Batman: Dark Victory depicts the Wayne murders as the main cause of much of the corruption and crime in Gotham City: once it became clear that even wealthy, important people could be murdered so easily, citizens began to lose faith in the police, and the police themselves started to lose faith in their importance, leading to corruption within the force.

Batman #430 includes a scene in which, on the day of his and Martha's murder, Thomas Wayne is having trouble with some investments, and is going to sell short. Bruce thinks that he needs some exercise to take his mind off of it and so offers to play catch with him, but Thomas angrily says no, striking him across the face. A hurt and resentful Bruce declares to his mother that he wishes Thomas were dead. Thomas takes the family to a movie to make it up to his son, and in an ironic twist of fate, Thomas and Martha are murdered that night. Bruce feels guilty for years afterward.

Alternative versions 

In the alternate history setting of Superman: Red Son, the unnamed parents of Batman are Soviet dissidents gunned down in front of their son by NKVD commissar Pyotr Roslov. This leads to their son growing up to become Batman, a crusader against the Soviet government and its leader, Superman.

In the crossover story arc Flashpoint, which creates an alternate reality, Bruce Wayne is the only victim of Joe Chill's mugging. Thomas Wayne appears as this reality's Batman and Martha Wayne as the incarnation's Joker.

In other media 
In Tim Burton's Batman, Joe Chill kills Bruce Wayne's parents with the help of his associate Jack Napier. Later in the film, Napier becomes the Joker after his first encounter with Batman; the two foes later realize that they “made each other”. 

In Christopher Nolan's The Dark Knight trilogy, Bruce Wayne's parents Thomas and Martha were murdered by low life mugger Joe Chill, who is arrested soon after. Fourteen years after the murder, Chill is paroled for testifying against his cellmate Carmine Falcone, who has Chill killed. Bruce decides to leave Gotham to train, meeting the League of Shadows led by the immortal assassin Ra's al Ghul. When refused to kill a man as his final task, Bruce burns down the League of Shadows headquarters, killing Ra's and escapes. He returns to Gotham and uses his training to become the vigilante Batman and rid Gotham of its rapid crime. The many villains he faces in the trilogy include Henri Ducard, who becomes Ra's al Ghul after Bruce killed the previous one, Scarecrow, the Joker, and Bane.

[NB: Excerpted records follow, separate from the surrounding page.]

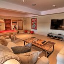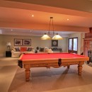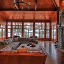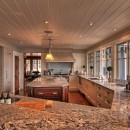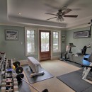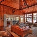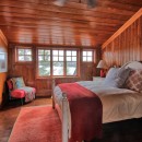 The cottage further comprises two private upper-level bedroom wings, each with its own bathroom facilities. Descend to the lower level, where a cottage game room awaits, complete with a professional pool table and two seating areas adorned with a large TV and wood-burning fireplace. Additionally, a fully-equipped gym, bedroom, and bathroom offer further indulgence.
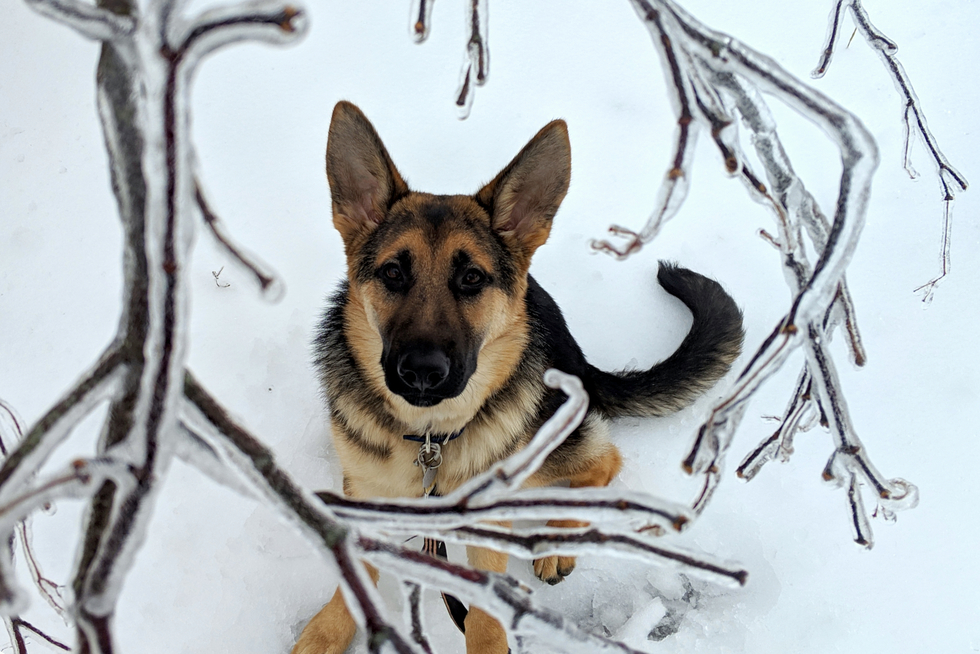 A six-month-old black and tan male German shepherd sits in the fresh white snow, looking intently up at the camera. His deep brown eyes are soft and sweet while spindly, ice-covered branches of a red maple tree make a frame around the pup’s head and curly tail.
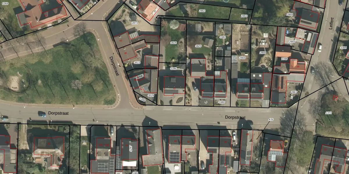 Het perceel waarop Dorpstraat 47 staat heeft een oppervlakte van 384 m². Dit is een groot perceel. De perceeloppervlakte wordt geregistreerd door het Kadaster. Gedetailleerde informatie over de maten van dit perceel kunt u vinden in het rapport Kadastrale kaart met maatvoering van Dorpstraat 47.

The 2014 television series Gotham depicts a re-imagining of Batman, featuring a twelve year old Bruce Wayne (portrayed by David Mazouz) whose parents are shot while exiting the Monarch Theatre screening of the 1920 version of The Mark of Zorro. This version includes a teenage Selina Kyle (portrayed by Cameron Bicondova) witnessing the crime from a distance. Bruce is assisted by Gotham City Police Department detective James Gordon (portrayed by Ben McKenzie) in finding the murderer of Bruce's parents. Eventually, Bruce discovers the criminal Patrick "Matches" Malone had murdered the Waynes, and was hired by an intermediary contractor known as "The Lady" who put out a hit for Thomas and Martha Wayne on the orders of Hugo Strange. Gordon shuts down The Lady's criminal empire and learns Malone's identity. After being confronted by Bruce, Matches commits suicide. Hugo Strange is arrested for his crimes, only to escape federal custody and goes on the run. In the series finale, Bruce becomes a bat dressed vigilante after leaving Gotham.

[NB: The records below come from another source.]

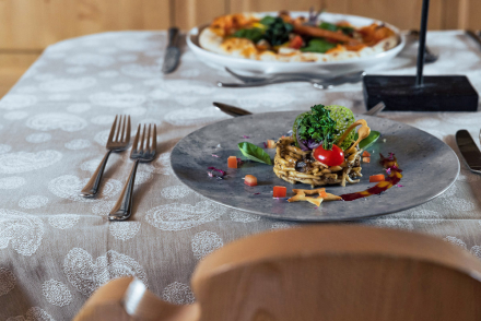 Start your day with our rich and substantial breakfast buffet. Throughout the day you can enjoy sweet and hearty refreshments at our lunch buffet, and in the evening, our 5 course menus will delight gourmets of all ages. The perfect accompanying wines come from our very own wine cellar, where treasures from the most renowned vineyards are stored. Our chef de cuisine Robert has been with us for 20 years now and takes exemplary care that all his menus are made from regional and sustainable products: fresh, creative, colourful and vitalized. As a dedicated sportsperson, he knows how important a well-balanced diet and natural ingredients are. We offer vegan and vegetarian choices for every meal, to comply with our motto “Vegan and Fresh”.
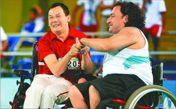 | 9月7日,中国选手曹绯(左)在混合单打BC2级比赛中向阿根廷选手科尔特斯表示祝贺。当日,北京2008年残奥会硬地滚球比赛在国家会议中心击剑馆开赛。 新华社记者 朱 峥摄 |
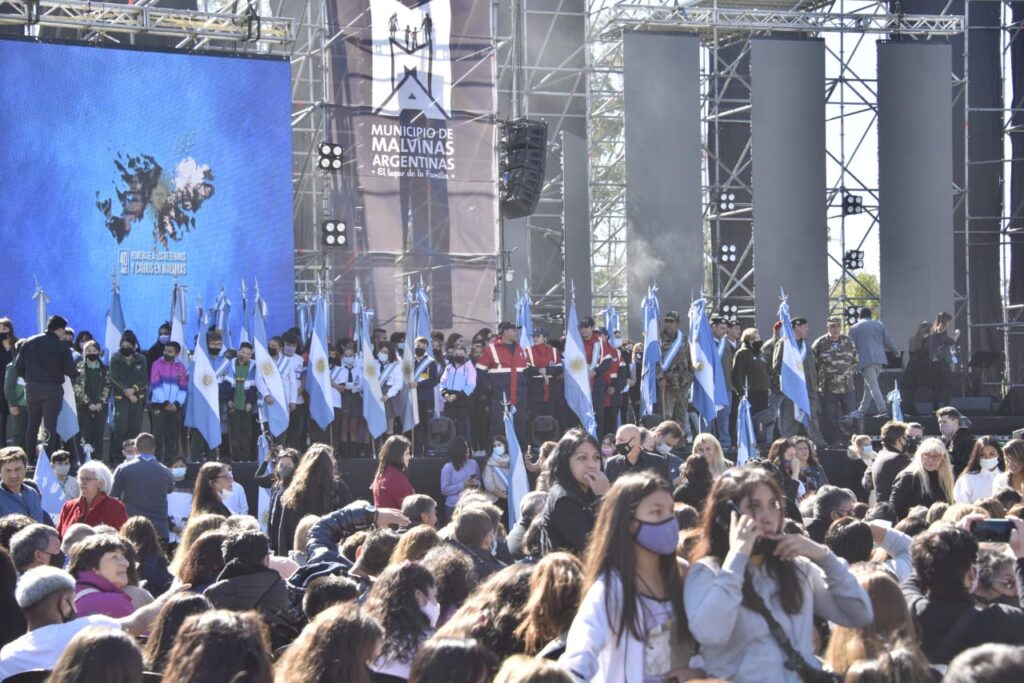 En el emotivo homenaje a los Veteranos y Caídos en las Islas, estuvieron presentes Axel Kicillof, Noe Correa, Leo Nardini y Luis Vivona. Sonaron la banda de música militar, Daniel “Pipi” Piazzolla y su orquesta, y el Himno Nacional Argentino, estuvo a cargo de la cantante Sandra Mihanovich.
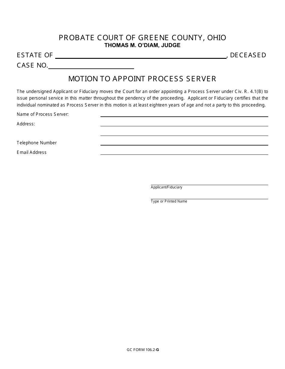 Fillable Request For Appointment Of Process Server Form printable pdf ...
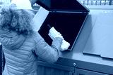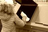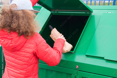 girl in a red jacket, throws a bottle in a paper bag in a dumpster, rear view
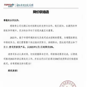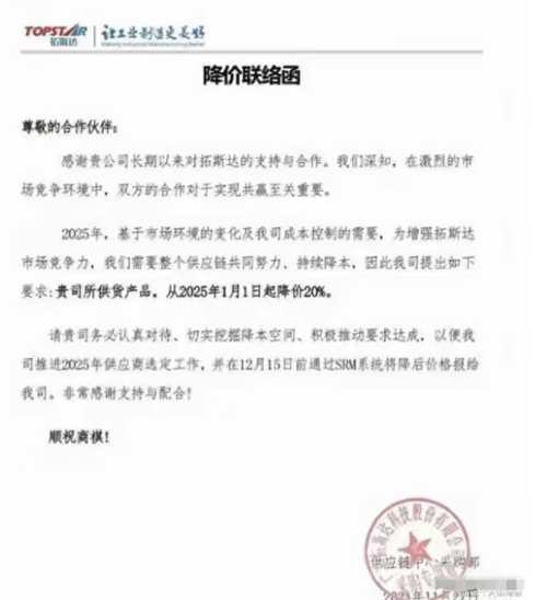 从业界流传的一份联络函来看,落款正是拓斯达,也是要求供应商通过降价的方式,实现“双方合作的共赢”,而且降价幅度较比亚迪更狠,一把就要砍掉20%。
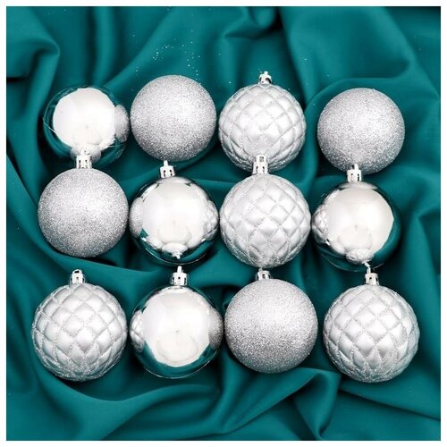 Набор шаров пластик d-6 см, 12 шт "Ларго" серебро
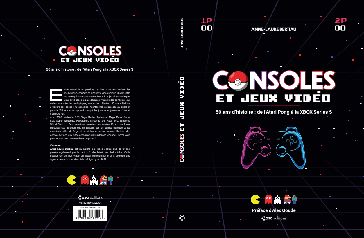 Avant de parler du livre, petite présentation de l’auteure Anne-Laure Bertiau. Elle est journaliste jeux vidéo depuis plus de 10 ans. Elle est évidemment passionnée de jeux vidéo cela se ressent très clairement lors de la lecture de son bouquin ^^. Elle est également communicante et a cofondé une agence de communication Moood Agency en 2022. Passons maintenant au livre Consoles et Jeux Vidéo 50 ans d’histoire : de l’Atari Pong à la Xbox Series S édité par Casa éditions. J’ai trouvé la couverture du bouquin sobre mais aussi très sympa avec évidemment de nombreuses références à la culture (rétro)gaming.

In Zack Snyder's Batman v Superman: Dawn of Justice, Bruce Wayne's parents Thomas and Martha were murdered by Joe Chill, when he was 9 years old. While seemingly hesitant, Thomas Wayne threw the first punch, attempting to beat back the mugger, but he was quickly shot and mortally wounded. Stunned, his mother joined the fight, attempting to wrestle the gun away. Her attempt also failed, leading to a sad look of surrender come upon her eyes right before she was shot herself, Bruce screaming in horror. With his last dying breath, Bruce's father called out his mother's name in a loud whisper, reaching out for the final time. Watching her life pass away even as the mugger ran off into the night. From then on, Bruce was raised by the Wayne family's bodyguard, Alfred Pennyworth. During the funeral for his parents, Bruce, overcome with grief, broke away from the service. As he ran, he stumbled across a decrepit area of the estate and fell into a cavern filled with numerous bats. This would later inspire him to use that fear to battle the criminal elements that took his parents' lives. After Batman defeated Superman in combat, moved to kill him with a kryptonite spear, Superman pleaded with him to "save Martha", causing Batman to pause in confusion and anger. When Lois Lane intervenes and explains that Superman meant his own mother, Batman relents and sets out to rescue Martha Kent.

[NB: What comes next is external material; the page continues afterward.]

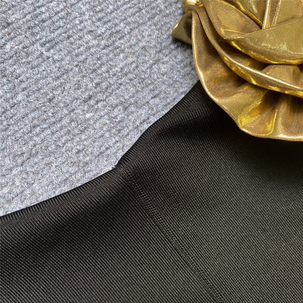 Design Three Dimensional Golden Floral Shoulder Sleeveless Bandage One Piece Dress Party Dinner Dress
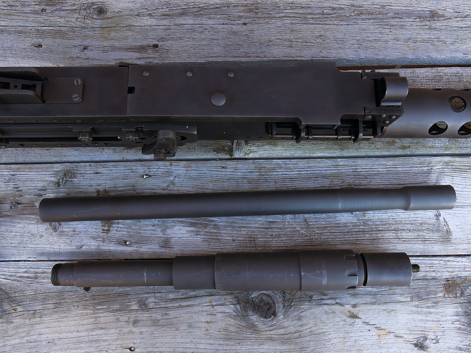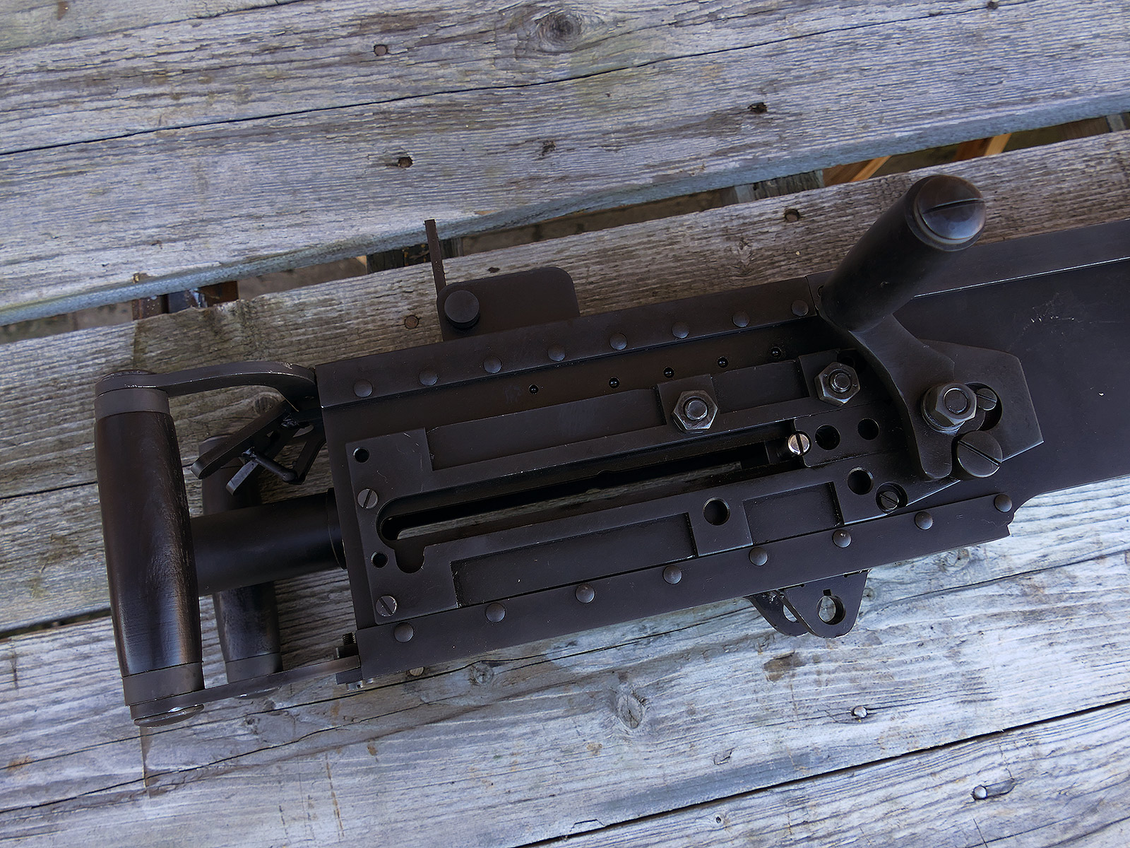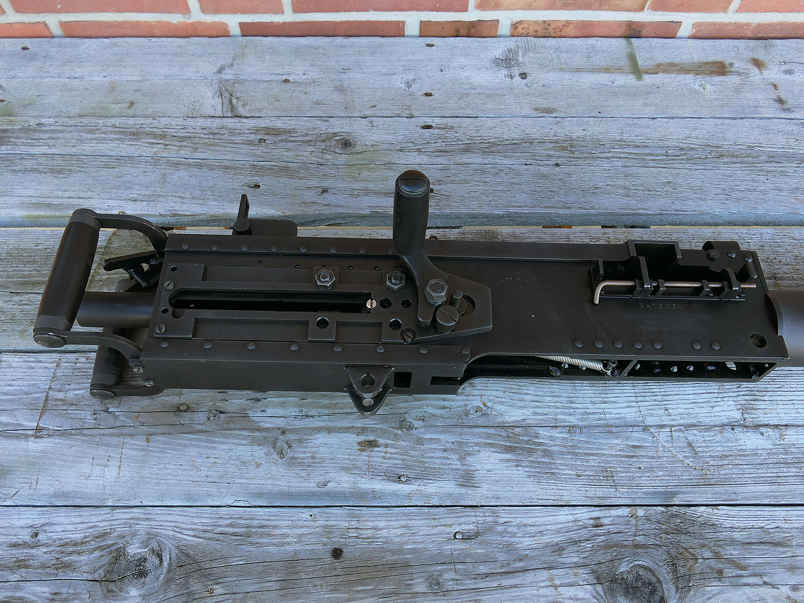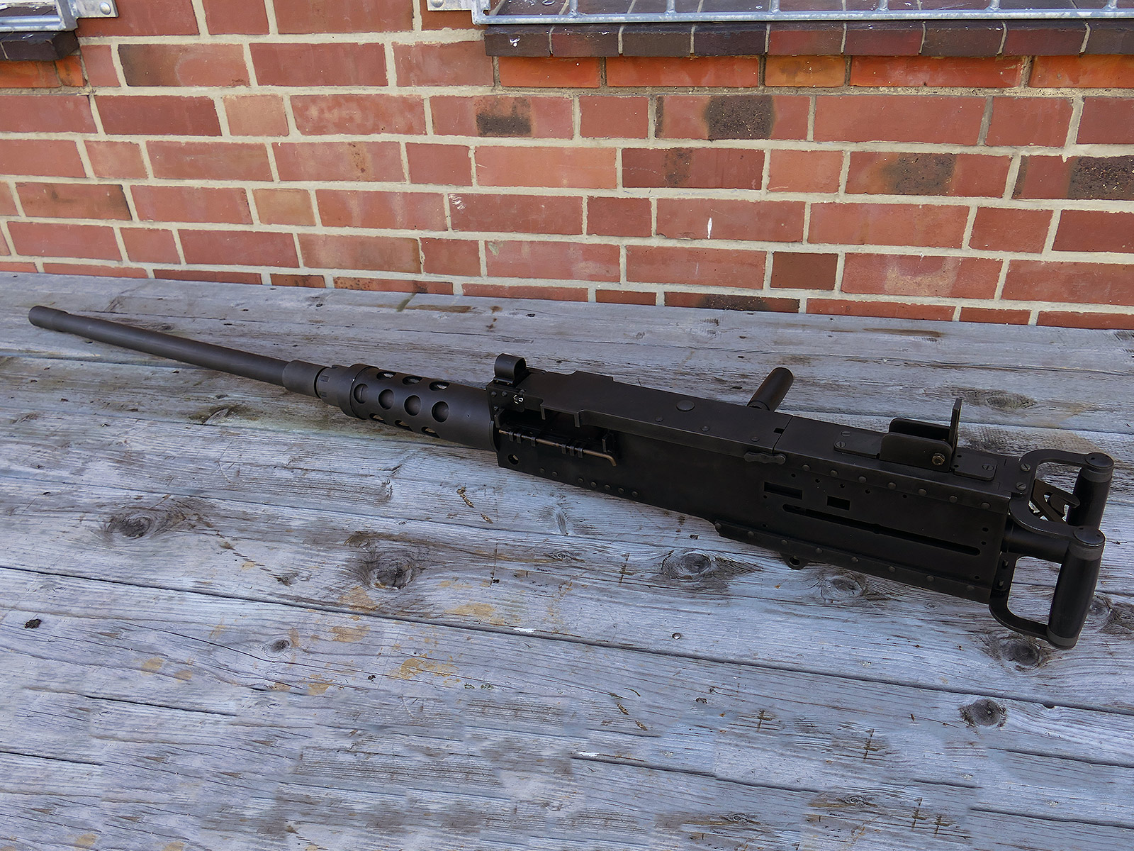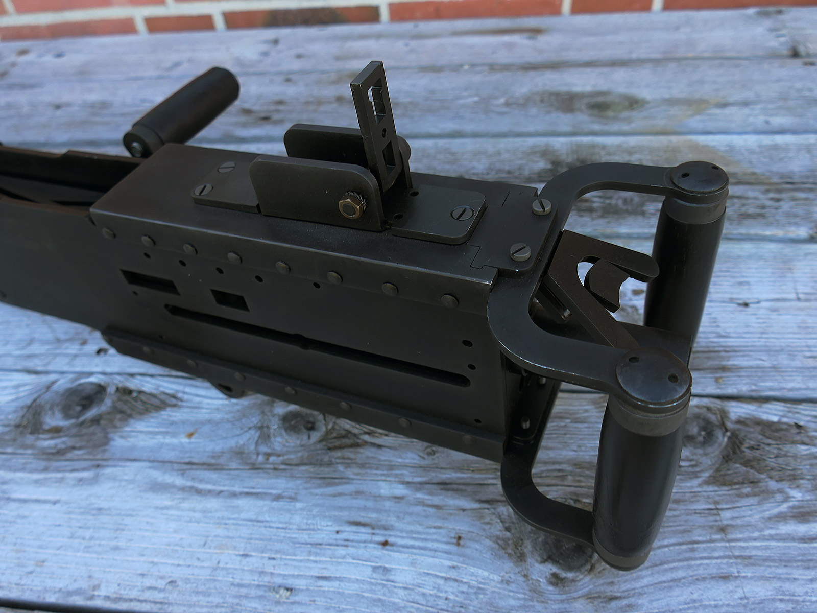 The cocking lever is movable and pulls back the indicated "bolt". However, the catch does not engage in the rear position. The cocking handle can be unscrewed for transport. The model weighs approx. 31 KG with the barrel. The single fire and continuous fire triggers are movable. The barrel is solid and the muzzle opening is indicated by a hole, the barrel can be removed as with the original and can be dismantled for transport. The barrel was manufactured by a tool company. The MGs were intended for a museum for US Army M113 tanks.

In the 2019 film Joker, the Wayne family exits the theatre (which is showing Blow Out and Zorro, The Gay Blade) and are caught in the middle of a riot spurred by the Joker's actions. Thomas Wayne takes Martha and Bruce through an alley for safety, where a rioter shoots him and Martha dead as a way of striking back against the powerful in Gotham. Notably, Thomas is depicted in the film as being indifferent and hostile to those protesting the dismal living conditions in Gotham City, and the question of his paternity over the Joker (alias to Arthur Fleck).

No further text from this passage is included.